When Your Uber goes Under
Posted on 19 June 2017
When I was stationed in Germany I heard the word Über for the first time. It denotes an outstanding or supreme person or thing, kind of like tremendous! Like so many of you, I have used the Uber Technologies ride-sharing app many times. The company has grown to meteoric heights (valued at $70B) since its inception in 2009 so imagine my surprise when I saw the front-page news on Tuesday stating that the CEO, Travis Kalanick, was taking a leave of absence due to a scathing report on the company’s dysfunctional behavior.
I’ve seen my share of “oh how the mighty have fallen” and been inside a few organizations when it happened. I had the honor of being interviewed on two nationally syndicated shows this past week to discuss this type of event from a leadership and ethics perspective. What happened at Uber isn’t just a “tech” company issue. It’s not about the industry; it’s about the individuals. Any company can fail when faced with insufficient leadership organizational culture dysfunction. I’ve worked in the military, semi-conductor, defense contracting, and publishing and there is always the risk of an organization falling, stalling or folding. The real issue is, how deeply rooted is the dysfunction and the character malformations? Can you make a rotten apple ripe again? Can you reestablish trust be rebuilding or do you have to start over?
Any “leader” who thinks they are too big to fail should not be at the helm. Statements such as this show a lack of humility, teachability, and realism; especially when issues have arisen due to leadership failures up and down the ranks. A company’s success and reputation rises and sets on its Board of Directors. The Board isn’t just advisors, they have a fiduciary and a global responsibility to do not only the best thing for the company and the shareholders, but the right thing from a global and human capital perspective. Although CEOs have their hands in day to day operations, it’s Boards who have their arms around the entire organization. I’ve consulted with several entities regarding how to ensure you have the right CEO and exemplary board members at the table. The most important thing for those in positions of leadership or governance to remember is the difference between Peace keeping (placating, moving the problem to another department) and Peacemaking – full disclosure, corrective action, and then restoration and healing.
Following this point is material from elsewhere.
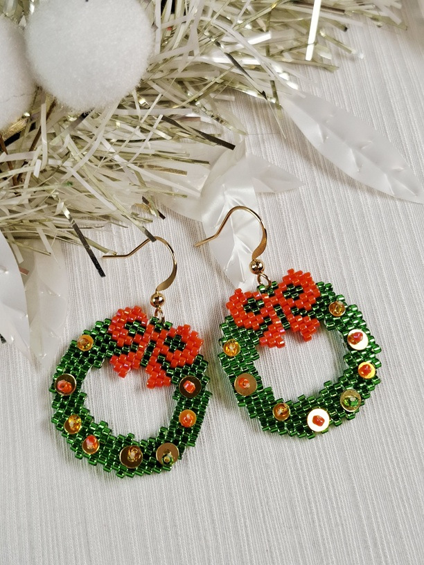 Tieto drobné adventné vence zdobí červená maslička 🎀. Na ich výrobu som použila krásne leské korálky, ktoré som starostlivo vybrala z japonských korálok "Toho" s vysokým leskom a jemným strieborným prietahom ✨. Každý venček je ručne vyrebený s láskou.

When a company hits a crisis such as this, there are huge challenges to filling a leadership void with the right people. That is the quintessential issue at the heart of any entity, professional or personal. There’s a great book titled A Contrarians Guide to Leadership by Steven Sample, former President of USC. His point is to be aware of the tendency that A players hire A-, A- hire C’s and C’s hire F’s. So, you really have to monitor this. And I’m not talking merely about the brightest minds; we also must attract, select, train and retain the brightest hearts. Watch out for this insidious slide of talent hires. Make sure you have individuals that aren’t threatened by others who want to raise the bar on performance or adhere to standards.
One question asked during my interviews last week was, is this a problem of millennials managing millennials? Anytime you have someone supervising direct reports who has not been mentored or groomed in the art and science of leadership you are gambling with the integrity of your organization. If they have not learned followership, which I talk about in my book, A Message to Millennials, they have not had the chance to develop and mature in terms of character, empathy, conscientiousness and ethics. Hence, it’s not generational. Without foundational training and effective checks and balances, you are bound to have issues no matter what the generation.
What happened at Uber is actually the norm for any organization that goes through explosive growth. The problem is they didn’t root out the bad habits which then became the normalized culture of the company. Read the Parable of the Mustard Seed in the Gospels. It talks about the smallest seed and how it rapidly becomes the biggest tree. When you experience growth, especially explosive growth, you attract a great deal of positive talents and a great deal of undesirable behaviors. There’s an old adage: new levels, new devils. Corporate structures breed and hide many types of dysfunctional behaviors. That’s why it’s critical you make sure the lines of accountability are clear, strong and binding to everyone within the organization. Noel Coward has one of my favorite quotes: “The higher the building, the lower the morals.” Before you think that bigger is automatically better or automatically attracts a better caliber and character of leaders, think again.
I highlighted the role of the board and CEO in setting and enforcing the culture, but this responsibility also falls squarely on middle management. The CEO can’t be everywhere. They are working on the business, not in the business. They need to implicitly trust that the individuals they leave the tactical day-to-day operations to have their backs and will do the right thing. In military speak, this is your rear echelon. And you can lose the battle if they don’t have it together. You have to trust them and they have to trust you since you’re in it together. If you don’t have this consensus, you’re going to have sabotage no matter how brilliant or lucrative the vision. One piece of my doctoral research is taking basic Ethical Decision-making models to a better place. It’s called sensemaking, and it’s a great tool especially in today’s world of flattened hierarchies, transparent operations, diverse employees and globalization.
Bottom line: Controlled growth coupled with a high caliber of mature, discerning managers at all levels is essential for any organization. An exemplary board that provides the guard rails and freedom for the CEO to maneuver the business is also a must. And never forget that the love of money drives people to do bad things; and when you want it bad, that’s how you get it.